I think the deeper problem with compilers is they target code and algorithms that are already known. If you compile anything it hasn't seen before, you're really throwing it a curveball.

dalke · on Oct 26, 2014

> "For example, as of this writing, the first two google hits for popcnt benchmark (and 2 out of the top 3 bing hits) claim that Intel’s hardware popcnt instruction is slower than a sofware implementation that counts the number of bits set in a buffer, via a table lookup using the SSSE3 pshufb instruction."

I believe that my benchmark is one of those top hits. My description is at http://www.dalkescientific.com/writings/diary/archive/2011/1... . I wrote "My answer is that if you have a chip with the POPCNT instruction built-in then use it. I still don't have one of those chips, but I know someone who does, who has given me some numbers. "

My own code's logic is "if POPCNT exists then use it, otherwise test one of a few possibilities to find the fastest, since the best choice depends on the hardware."
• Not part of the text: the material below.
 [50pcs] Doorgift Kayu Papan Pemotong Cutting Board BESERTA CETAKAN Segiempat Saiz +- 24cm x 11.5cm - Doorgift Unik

I now have a machine with a hardware POPCNT, and a version with inline assembly. I should rerun the numbers...

Alupis · on Oct 25, 2014

I seem to recall that Clang consistently produces slower executable binaries than gcc does, although Clang compiles quicker. (The reason a lot of people use Clang for development but use gcc for the final production build)

Perhaps the assembly it's producing isn't quite as optimized as it could be if it were carefully hand crafted.
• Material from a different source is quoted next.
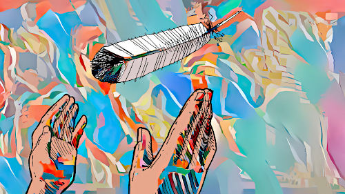He releases one of his feathers. |

stephencanon · on Oct 26, 2014

That may have been true in the past. All the data I've seen in the past few years has GCC generating faster code for some benchmarks, and clang generating faster code for others, with no really consistent pattern (this is by no means an exhaustive sample, but it is certainly large enough to be vaguely representative).

Interestingly (to me), I am seeing more and more examples where clang and gcc are beating icc in performance.

Alupis · on Oct 26, 2014

> Interestingly (to me), I am seeing more and more examples where clang and gcc are beating icc in performance.
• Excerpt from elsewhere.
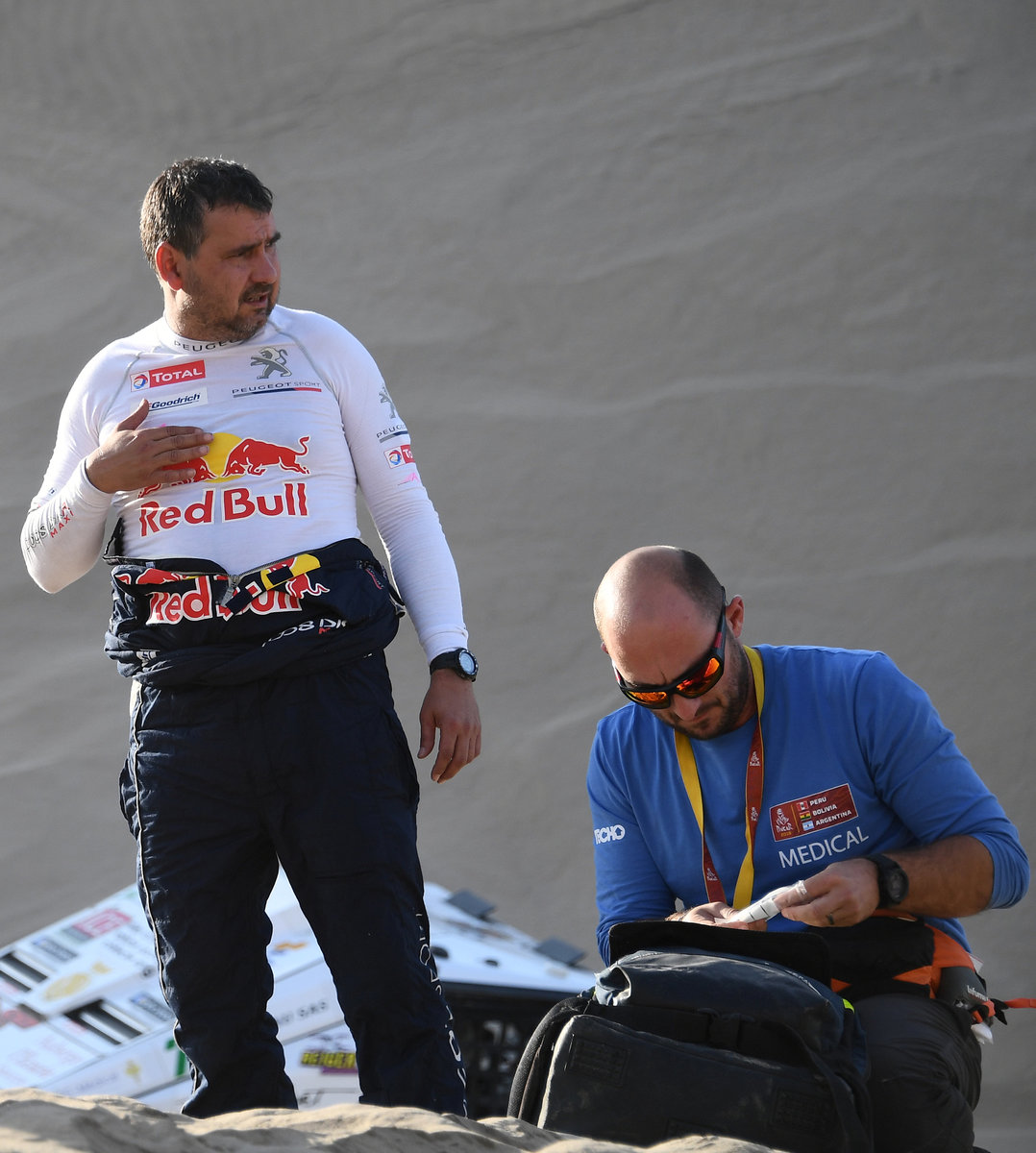 He lost two hours waiting for assistance before continuing but, with co-driver Daniel Elena in pain from the jolt in the dunes, had to accept defeat.

Intel has finite resources (as much as Intel can realistically dedicate to the project), where-as both Clang and GCC projects have theoretically unlimited resources (as much as companies the world-over can dedicate to the project). Doesn't surprise me actually. Most say gcc version 4.7.1 overtook icc in performance by about 15% (and 4.7.1 is ancient now).

alexdowad · on Oct 25, 2014

Interesting to see this on HN, just a couple months after I ran into the same problem with GCC's intrinsic popcount myself on a project! I found that I needed to use an "-march" argument for GCC to actually emit POPCNT instructions.

pja · on Oct 25, 2014

That's unsurprising, since without -march, gcc will emit code for a generic cpu that doesn't have a popcnt instruction. Early x86_64 cpus didn't have popcnt, so neither will the code that gcc emits & it's the same for any other architecture.

If you want to use instructions that are only available on or after a specific cpu generation, then you need to tell your compiler to target that cpu's instruction set.

wolf550e · on Oct 26, 2014

Isn't gcc's default march=native so it would emit popcount if the host supports it?

gsg · on Oct 26, 2014

No, the default produces binaries that are compatible with as many machines as possible.

wolf550e · on Oct 26, 2014

You're right [0], but I couldn't find which march value [1] corresponds to the settings used for "x86_64-linux-gnu".

EDIT: running "echo | gcc -v -E - 2>&1 | grep cc1" shows the command line, which says "-mtune=generic -march=x86-64". I do not know what "-march=x86-64" implies, except SSE2.

0 - https://gcc.gnu.org/ml/gcc-help/2012-12/msg00074.html

1 - https://gcc.gnu.org/onlinedocs/gcc/i386-and-x86-64-Options.h...

throwawayaway · on Oct 25, 2014

finally i think this article and comment thread will settle this contentious debate - definitively, and we can all move on - with the decision made once and for all future possible cases and desired outcomes.